Au cours de la prochaine décennie, avoir des panneaux solaires et des chargeurs de véhicules électriques dans toutes nos rues et maisons sera une chose normale. Mais saviez-vous que ce type d’appareil injecte dans les réseaux électriques des signaux d’émissions « suprahharmoniques » ? Au cours des dernières années, les émissions suprahharmoniques ont retenu l'attention des compagnies d'électricité et de la communauté de recherche, car la combinaison d'émissions générées par de nombreux dispositifs peut avoir des effets nocifs sur les réseaux électriques et les dispositifs qui y sont connectés.
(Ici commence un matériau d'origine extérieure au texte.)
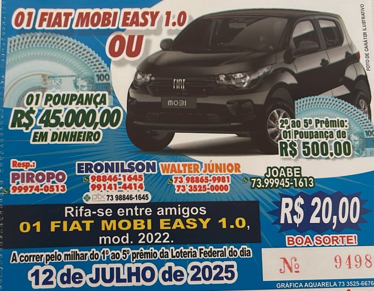 1º PRÊMIO FIAT MOBI EAST 1.0 OU R$ 45 MIL EM DINHEIRO

L’un des principaux objectifs de l’Accord climatique de Paris 2015, encouragé par l’Organisation des Nations Unies, est de parvenir à une économie de neutralité carbone. Cet accord climatique fixe un certain nombre d’objectifs à long terme pour toutes les nations. Parmi ces mesures figure la réduction des émissions de gaz à effet de serre, limitant au niveau mondial la hausse de température de ce siècle à 2 °C. L’Union européenne a établi, dans son cadre juridique, les engagements convenus dans l’accord sur le climat de Paris, à travers le pacte vert européen pour le climat de 2019 et la loi européenne sur le climat de 2021. Ces accords prévoient que les émissions de carbone d’ici 2030 doivent être inférieures de 55% aux mesures d’ici à 1990. L’électromobilité ou e-mobilité et la production distribuée d’énergies renouvelables seront essentielles pour réduire la dépendance sociale des combustibles fossiles.
Les politiques de l'ONU et de l'Union européenne ont commencé à influer sur la vie quotidienne de la population. Les chargeurs et panneaux solaires de véhicules électriques sont en construction massive dans les maisons et les rues, reliées au réseau à basse tension. En outre, une augmentation exponentielle de ce type de dispositifs dans le réseau à basse tension est prévue à l'avenir.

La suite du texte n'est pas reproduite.